PROBLEM DESCRIPTION —
Excluding images, repeat the data exactly as given.
(Beginning of ENTRIES SUPPLIED)
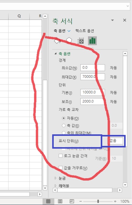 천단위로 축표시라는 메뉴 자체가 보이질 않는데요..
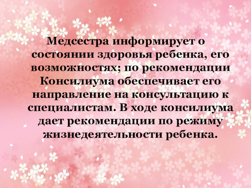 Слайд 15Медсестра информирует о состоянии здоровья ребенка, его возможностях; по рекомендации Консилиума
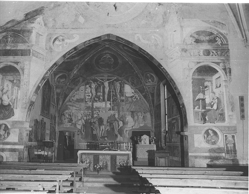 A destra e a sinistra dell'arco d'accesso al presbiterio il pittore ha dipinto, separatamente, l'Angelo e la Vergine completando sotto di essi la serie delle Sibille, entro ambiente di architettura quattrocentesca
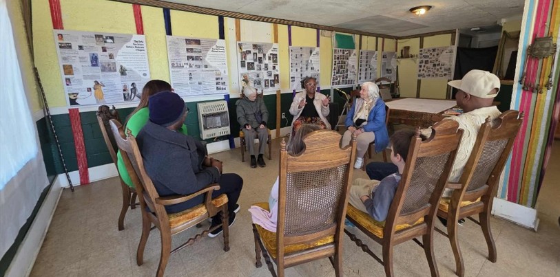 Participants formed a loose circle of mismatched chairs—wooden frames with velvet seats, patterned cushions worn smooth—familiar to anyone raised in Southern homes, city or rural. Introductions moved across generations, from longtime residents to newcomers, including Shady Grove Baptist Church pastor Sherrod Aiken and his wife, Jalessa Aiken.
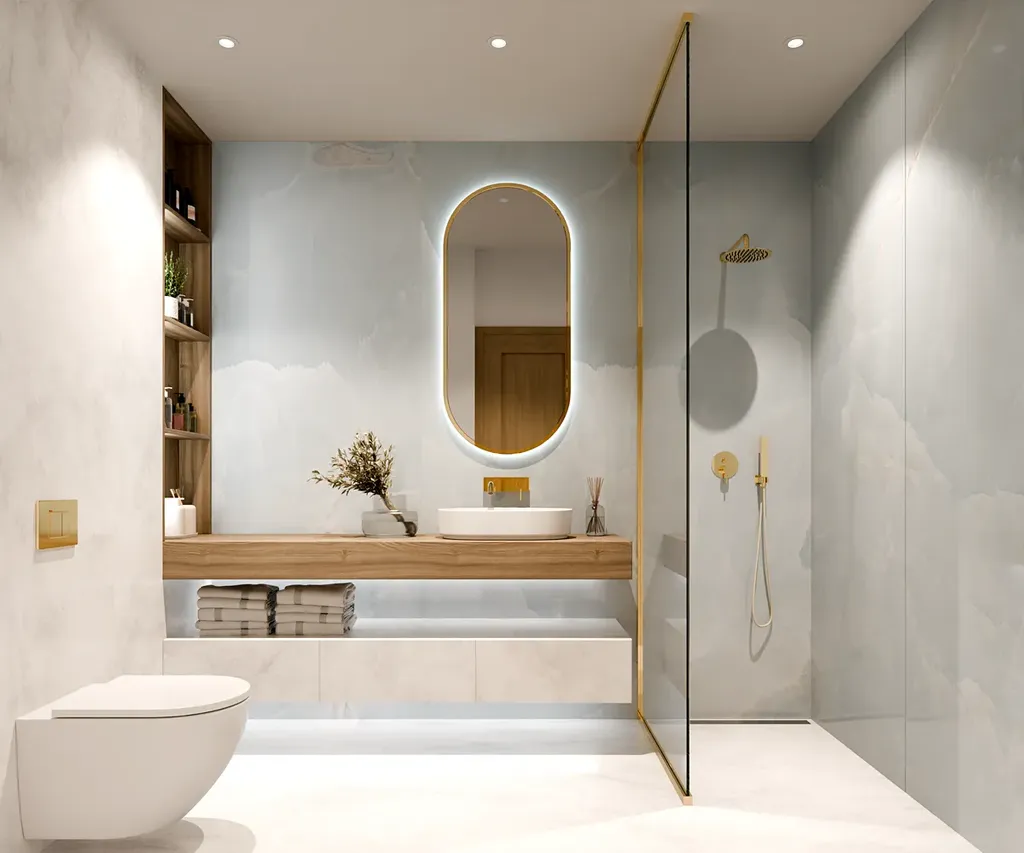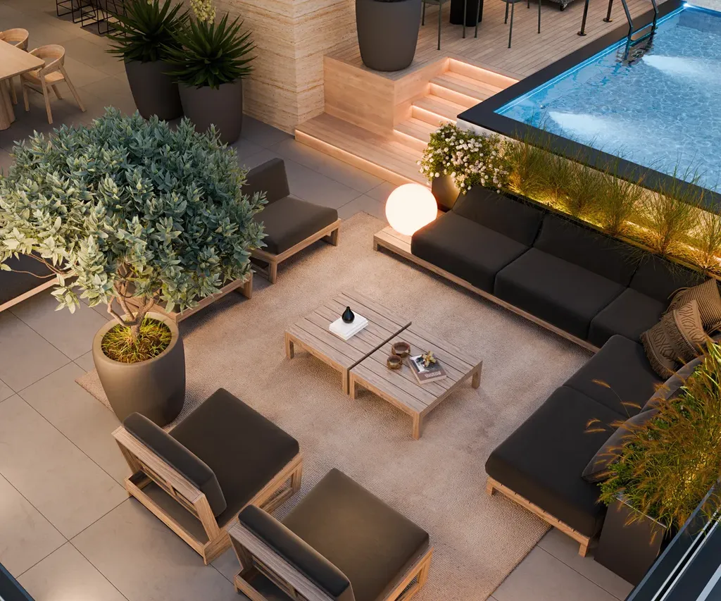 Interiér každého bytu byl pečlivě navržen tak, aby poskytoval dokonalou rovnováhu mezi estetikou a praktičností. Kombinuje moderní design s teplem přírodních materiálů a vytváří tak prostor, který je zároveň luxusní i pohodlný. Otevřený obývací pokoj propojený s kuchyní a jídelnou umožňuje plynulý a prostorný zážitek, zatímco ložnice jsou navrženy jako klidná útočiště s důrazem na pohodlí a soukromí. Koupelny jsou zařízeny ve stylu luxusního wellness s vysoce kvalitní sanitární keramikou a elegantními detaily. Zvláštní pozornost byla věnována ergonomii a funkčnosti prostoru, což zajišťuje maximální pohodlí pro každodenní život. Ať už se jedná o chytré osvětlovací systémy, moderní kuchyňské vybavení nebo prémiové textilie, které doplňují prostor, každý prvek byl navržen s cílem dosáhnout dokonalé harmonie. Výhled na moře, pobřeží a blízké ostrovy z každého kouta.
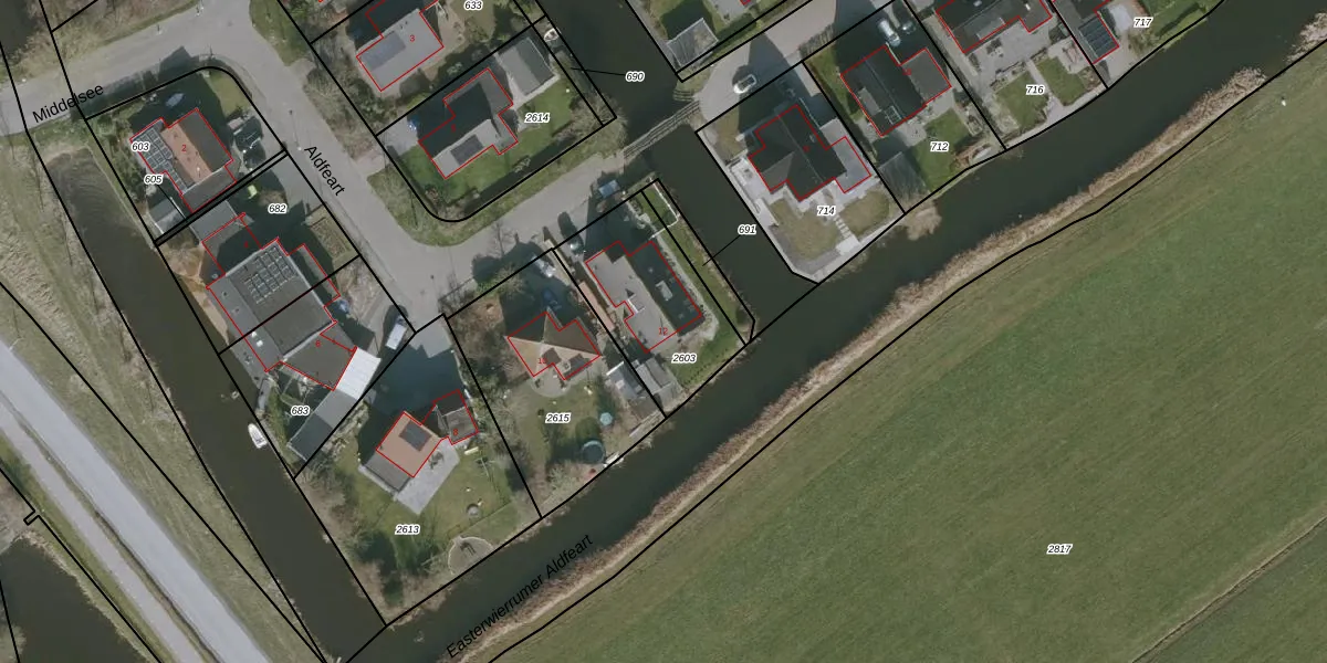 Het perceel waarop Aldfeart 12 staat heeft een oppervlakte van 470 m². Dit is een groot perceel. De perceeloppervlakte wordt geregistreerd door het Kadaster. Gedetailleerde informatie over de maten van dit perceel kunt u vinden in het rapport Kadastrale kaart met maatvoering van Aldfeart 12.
(End of ENTRIES SUPPLIED)
ANSWER TO THIS TASK —
 천단위로 축표시라는 메뉴 자체가 보이질 않는데요..
 Слайд 15Медсестра информирует о состоянии здоровья ребенка, его возможностях; по рекомендации Консилиума
 A destra e a sinistra dell'arco d'accesso al presbiterio il pittore ha dipinto, separatamente, l'Angelo e la Vergine completando sotto di essi la serie delle Sibille, entro ambiente di architettura quattrocentesca
 Participants formed a loose circle of mismatched chairs—wooden frames with velvet seats, patterned cushions worn smooth—familiar to anyone raised in Southern homes, city or rural. Introductions moved across generations, from longtime residents to newcomers, including Shady Grove Baptist Church pastor Sherrod Aiken and his wife, Jalessa Aiken.
 Interiér každého bytu byl pečlivě navržen tak, aby poskytoval dokonalou rovnováhu mezi estetikou a praktičností. Kombinuje moderní design s teplem přírodních materiálů a vytváří tak prostor, který je zároveň luxusní i pohodlný. Otevřený obývací pokoj propojený s kuchyní a jídelnou umožňuje plynulý a prostorný zážitek, zatímco ložnice jsou navrženy jako klidná útočiště s důrazem na pohodlí a soukromí. Koupelny jsou zařízeny ve stylu luxusního wellness s vysoce kvalitní sanitární keramikou a elegantními detaily. Zvláštní pozornost byla věnována ergonomii a funkčnosti prostoru, což zajišťuje maximální pohodlí pro každodenní život. Ať už se jedná o chytré osvětlovací systémy, moderní kuchyňské vybavení nebo prémiové textilie, které doplňují prostor, každý prvek byl navržen s cílem dosáhnout dokonalé harmonie. Výhled na moře, pobřeží a blízké ostrovy z každého kouta.
 Het perceel waarop Aldfeart 12 staat heeft een oppervlakte van 470 m². Dit is een groot perceel. De perceeloppervlakte wordt geregistreerd door het Kadaster. Gedetailleerde informatie over de maten van dit perceel kunt u vinden in het rapport Kadastrale kaart met maatvoering van Aldfeart 12.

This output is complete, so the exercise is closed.